Strict (or lack therefore) concavity of square root function

Question

For the square root function $g(x) = \sqrt{x}$, we have

\begin{align} g'(x) = 0.5x^{-0.5} \\ g''(x) = -0.25x^{-1.5} \\ \end{align}

So the second derivative is negative everywhere except if $x = 0$. So $g(x)$ is strictly concave if $x > 0$. But when $x = 0$, the second derivative is undefined. What can we say about the strict concavity or the square root function at $x = 0$?

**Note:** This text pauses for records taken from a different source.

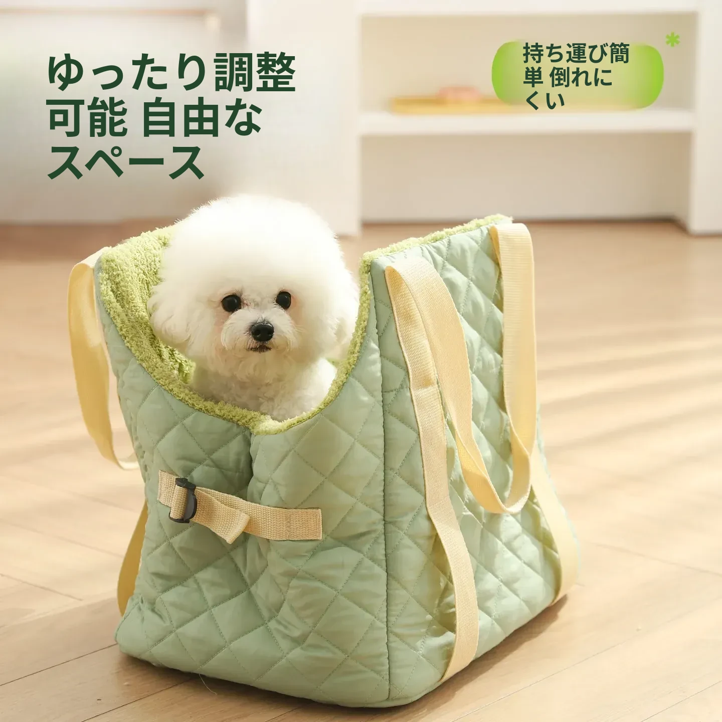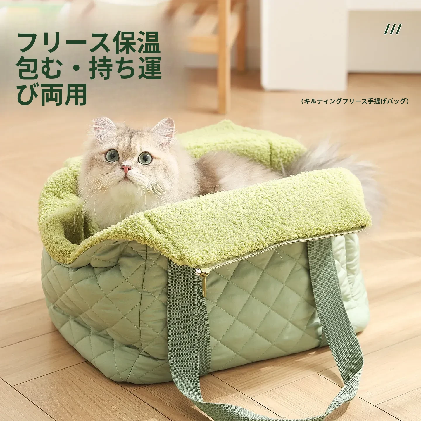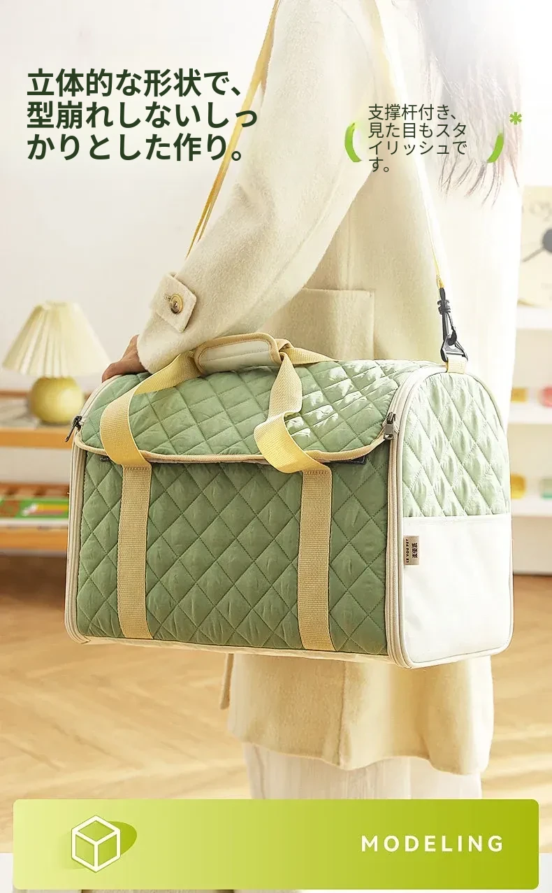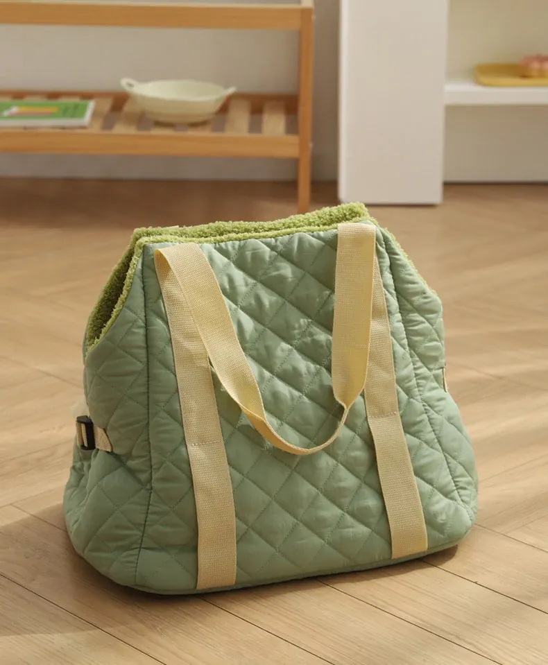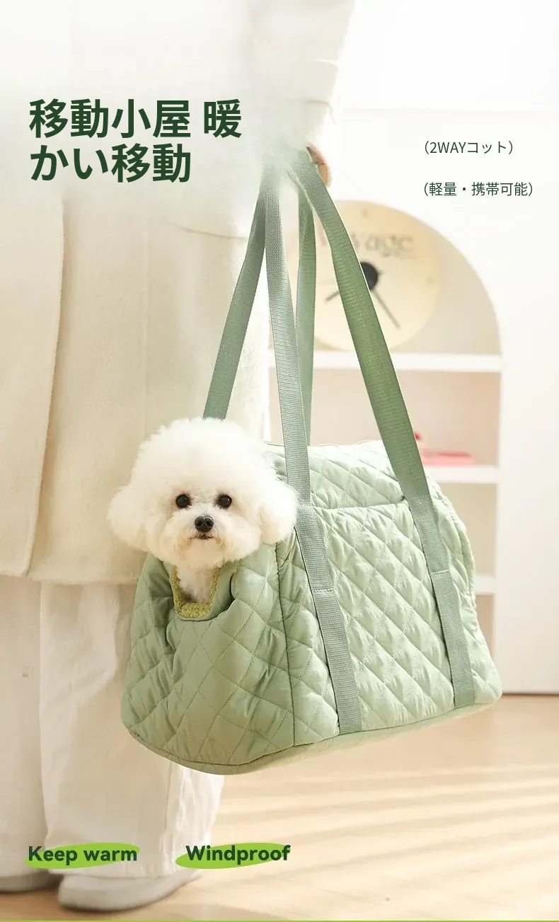バニラグリーン-内側にフリースパッド/ショルダーストラップ【防風保温】20ポンド以下の猫におすすめ/12ポンド
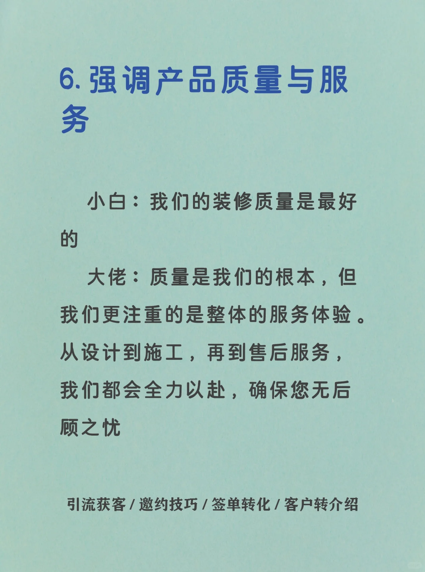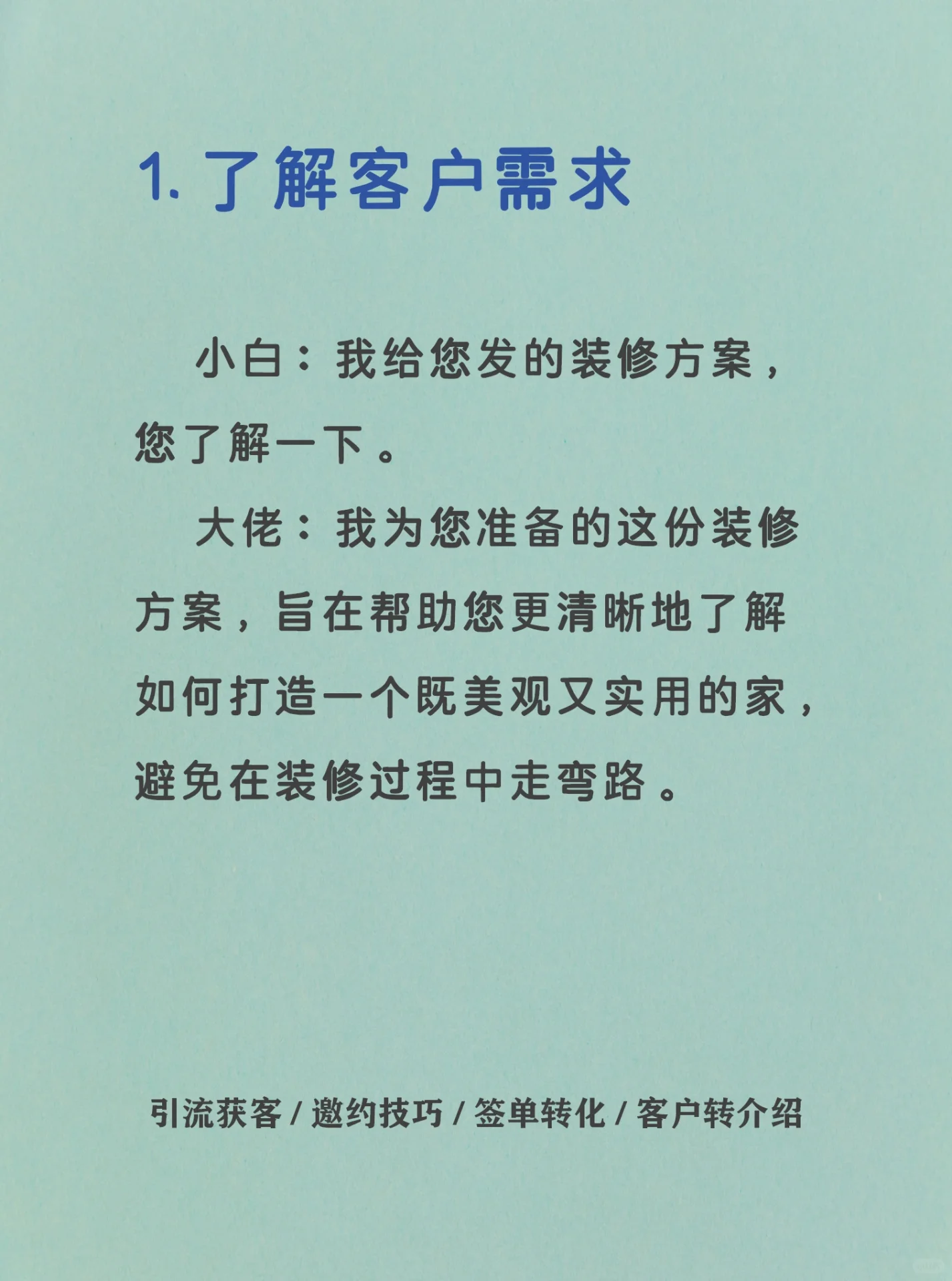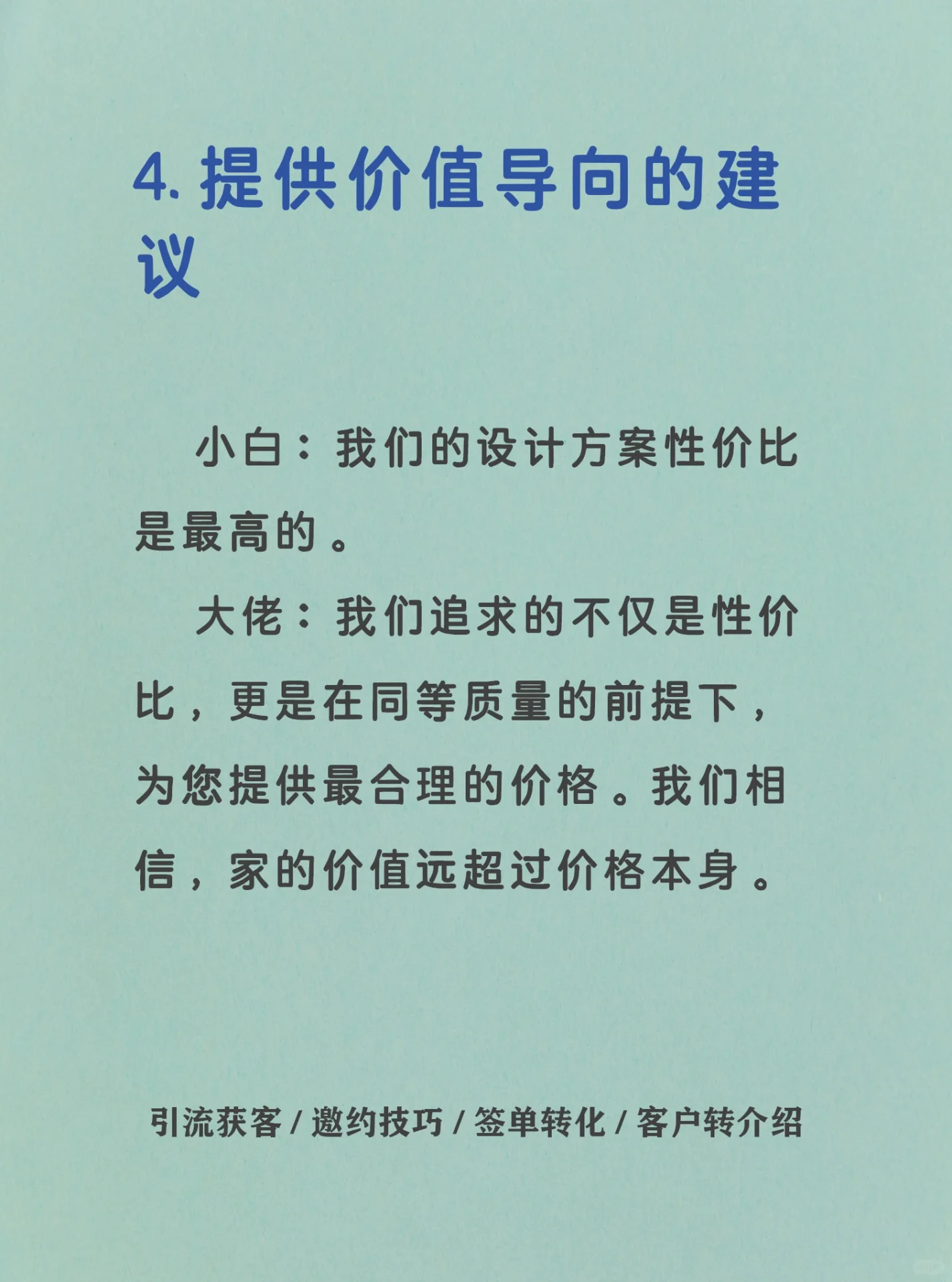 家装谈判秘诀:无私回复脚本,打造温馨家居新体验 1.深入了解客户需求 -小白:我给你发了一个装修方案,请你看一下。 -老板:我为您准备的装修方案旨在帮助您更清楚地了解如何打造一个既美观又实用的家,避免在装修过程中走弯路。 2.建立信任关系 -小白:我非常期待你的回复。 -老板:我也期待与您进一步沟通,了解您对家的想法和需求,以便我们共同创造一个理想的居住环境。 3.强调个性化服务 -小白:我觉得我们的设计方案非常适合你。 -老板:我知道每个客户的需求都是独一无二的,我们的设计解决方案旨在满足您的个性化需求,确保您的家不仅满足您的期望,还带来惊喜。 4.提供价值导向的建议 -小白:我们的设计方案性价比最高。 -老板:我们追求的不仅仅是性价比,而是在同等质量的前提下,为您提供最合理的价格。我们认为房子的价值远远超过价格本身。 5.指导客户决策 -怀特:你看重哪种设计方案 -老板:你对选择有点犹豫吗我可以帮助您分析每种解决方案的优缺点,以便您更清楚地了解自己的需求,并做出最适合自己的选择。 6.强调产品质量和服务 -小白:我们的装修质量是最好的。 -老板:质量是我们的基础,但我们更看重的是整体服务体验。从设计到施工,再到售后服务,我们将尽最大努力确保您无后顾之忧。 7.在定价问题上要诚实 -小白:我们的报价真的是最低的。 -老板:我们知道价格是您考虑的重要因素之一。请相信我们的目标是为您提供最大的价值,而不仅仅是追求低价。我们的报价基于高质量的材料和服务,以确保您的投资是值得的。
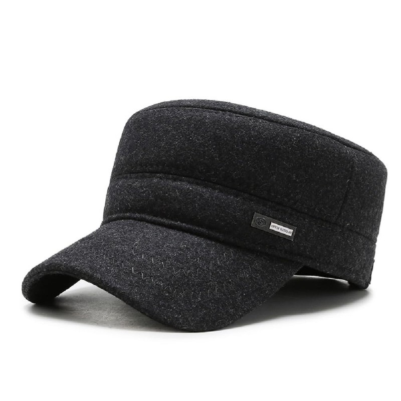Men's Winter Warm Wool Woolen Tweed Peaked Baseball Cap Hat with Fold Earmuffs Warmer, S-Grey, M
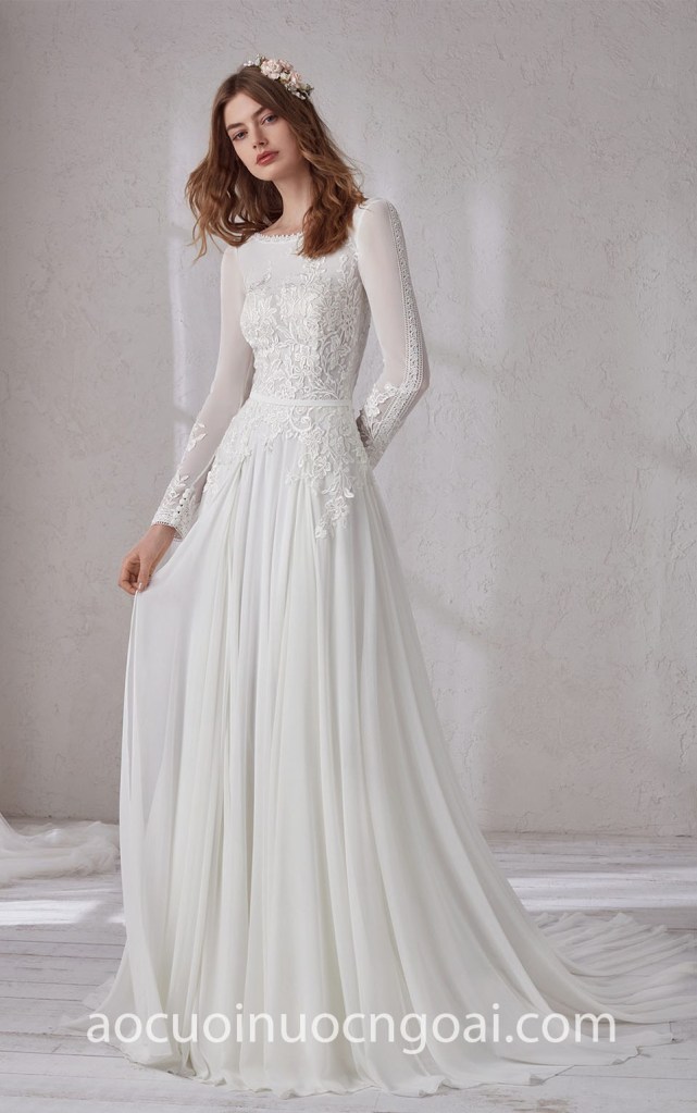 ÁO CƯỚI CHỮ A TAY DÀI REN NỮ TÍNH NN7343
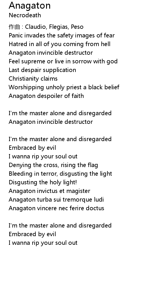 | Anagaton belligera sperbus hasta [Chorus:] | |

It seems that we can't prove strict concavity using the second derivative, but using Jensen's inequality, I think we can fairly easily show it, though even with Jensen's, we would have to assume that $t \in (0, 1)$ instead of $t \in [0, 1]$, or we run into the same issue.

Answer 1

hint

Let $ a>0$.

$f:x\mapsto \sqrt{x} $ is strictly concave at $ [0,a]$ because it is syrictly concave at $(0,a] $ and

$$(\forall y\in (0,a])\; (\forall t\in(0,1))\;\;$$ $$ f(ty)=\sqrt{ty}>t\sqrt{y}$$ since $\sqrt{t}>t$.

Answer 2

Another view:

One definition of concavity is as follows:

Suppose $a < b$. The function $g$ is [strictly] concave on the interval $[a,b]$ if for all $x$ with $a < x < b$ we have: $$\frac {g(x) - g(a)}{x - a} > \frac{g(b) - g(a)}{b - a}.$$

For the function $g$ defined by $g(x) = \sqrt x$ and the interval $[0,b]$ we have for $0 < x < b$, \begin{align} \frac {g(x) - g(0)}{x - 0} &= \frac {\sqrt x}{x}, \\ &= \frac{1}{\sqrt x}, \end{align}

and similarly

\begin{align} \frac {g(b) - g(0)}{b - 0} &= \frac {\sqrt b}{b}, \\ &= \frac{1}{\sqrt b}. \end{align}

Comparing, we see that for all $0 < x < b$,

$$\frac{1}{\sqrt x} > \frac{1}{\sqrt b},$$ or $$\frac {g(x) - g(0)}{x - 0} > \frac {g(b) - g(0)}{b - 0}.$$

Thus, $g$ is strictly concave on $[0,b]$. As this is true for any $b > 0$, $g$ is strictly concave on $[0,\infty)$.